4094,1.567114,-1.087243,-0.272211
85412,-1.904207,-0.525360,1.327530
2177,0.418949,-1.296788,-0.196407
77285,0.400077,-1.466874,-0.445317


In [16]:
model_0 = model_lr(features_0_train_s, target_0_train)

In [17]:
pred_0 = predict_lr(model_0,features_0_valid_s, target_0_valid)
display(pred_0.head())

rmse: 37.5794

Средний запас сырья, тыс.бар: 92.5926


Unnamed: 0,product,predict
71751,10.038645,95.894952
80493,114.551489,77.572583
2655,132.603635,77.89264
53233,169.072125,90.175134
91141,122.32518,70.510088


In [18]:
model_1 = model_lr(features_1_train_s, target_1_train)
pred_1 = predict_lr(model_1,features_1_valid_s, target_1_valid)
display(pred_1.head())

rmse: 0.8931

Средний запас сырья, тыс.бар: 68.7285


Unnamed: 0,product,predict
71751,80.859783,82.663314
80493,53.906522,54.431786
2655,30.132364,29.74876
53233,53.906522,53.552133
91141,0.0,1.243856


In [19]:
model_2 = model_lr(features_2_train_s, target_2_train)
pred_2 = predict_lr(model_2,features_2_valid_s, target_2_valid)
display(pred_2.head())

rmse: 40.0297

Средний запас сырья, тыс.бар: 94.965


Unnamed: 0,product,predict
71751,61.212375,93.599633
80493,41.850118,75.105159
2655,57.776581,90.066809
53233,100.053761,105.162375
91141,109.897122,115.30331


### Comments

The data were divided into trial and validation samples.

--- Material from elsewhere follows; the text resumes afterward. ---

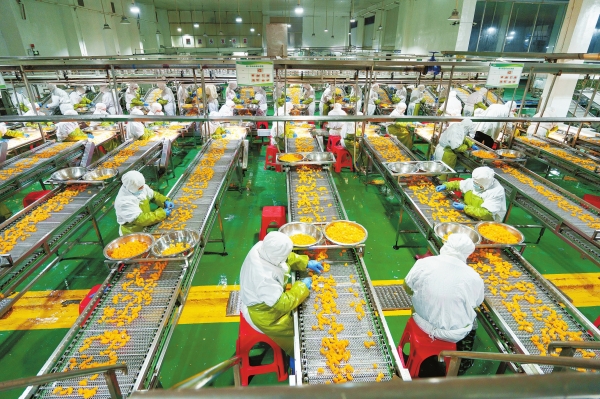 12月24日,永州市冷水滩区湖南熙可食品有限公司,工人在生产线上加工柑橘罐头。临近年底,企业开足马力赶制柑橘罐头,保障海外订单供应。近年来,冷水滩区大力发展柑橘加工产业,建成完整产业链,有效带动农民增收。

Models were trained for each region. As a result of comparing the predictions and correct labels of the validation set, as well as comparing the rmse metrics, it can be seen that the best model turned out for region number 1. The RMSE of the volume of oil reserves in the well for region number 1 showed 0.9 thousand barrels with an average value of 68.2. For the other two regions, the average stock was over 90 thousand barrels, and the RMSE was about 40 thousand barrels, which is almost half the average.

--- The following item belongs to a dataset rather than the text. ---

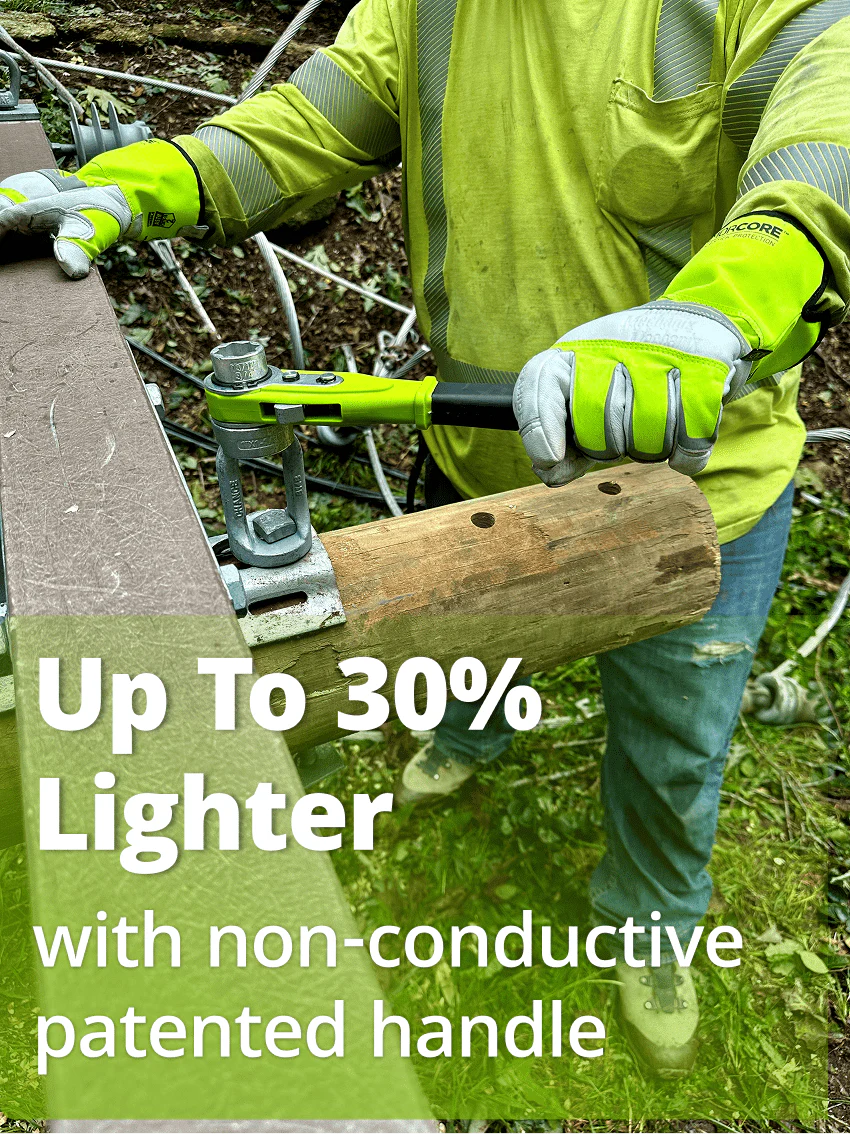 • Non-conductive Patented Handle – Up to 30% Lighter

## Preparation for profit calculation

In [20]:
BAR_1 = 450000
BUDGET = 10**10
SQUAZH = 200
N_SQ = 500
BIL = 10**9

In [21]:
POROG = BUDGET / (SQUAZH * BAR_1)

In [22]:
POROG

111.11111111111111

In [23]:
state = np.random.RandomState(12345)
def pryb(target):
    target_subsample = target.sample(N_SQ, replace=True, random_state=state)
    target_pred = target_subsample.sort_values(by = 'predict', ascending=False).head(SQUAZH)
    summa = target_pred['product'].sum()
    profit = summa * BAR_1 / BIL - BUDGET / BIL
    return round(profit,4)

### Comments
Since the budget for the development of wells in the region is 10 billion rubles, this means that in order to make a profit, the volume of oil in the well must be more than 111 thousand barrels. The calculation of the average value for the validation sample showed that in all regions this value is below the threshold for making a profit.


## Calculation of profit and risks

In [24]:
profit_0 = pryb(pred_0)
profit_1 = pryb(pred_1)
profit_2 = pryb(pred_2)

In [25]:
res_all = np.array([['profit_0', profit_0],['profit_1', profit_1],['profit_2', profit_2]])
result_all = pd.DataFrame(res_all,columns = ['squazhina','profit'])

In [26]:
result_all

Unnamed: 0,squazhina,profit
0,profit_0,0.6055
1,profit_1,0.3343
2,profit_2,0.6262


In [27]:
state = np.random.RandomState(12345)
def dover(data):    
    values = []
    
    for i in range(1000):
        values.append(pryb(data))
          
    values = pd.Series(values)

    lower = values.quantile(0.025)
    upper = values.quantile(0.975)

    mean_v = values.mean()
    print('Средняя прибыль, млрд', round(mean_v,2))
    print()
    print('Доверительный интервал, млрд:', round(lower,2), '< X <',round(upper,2))
    return (values < 0).mean()

In [28]:
pryb_0 = dover(pred_0)

Средняя прибыль, млрд 0.4

Доверительный интервал, млрд: -0.11 < X < 0.91


In [29]:
pryb_1 = dover(pred_1)

Средняя прибыль, млрд 0.46

Доверительный интервал, млрд: 0.08 < X < 0.86


In [30]:
pryb_2 = dover(pred_2)

Средняя прибыль, млрд 0.39

Доверительный интервал, млрд: -0.11 < X < 0.93


In [31]:
pryb_2*100

6.5

In [32]:
pryb_1*100

0.7000000000000001

In [33]:
pryb_0*100

6.9

## Conclusions
According to the calculations, region № 1 is best suited for well development. This choice is based on the following results of the research: although the average profits in the three regions relative to the best wells are quite close, the probability of loss risks is less than 1% in region No. 1, and in regions No. 0 and 2 - more than 6%.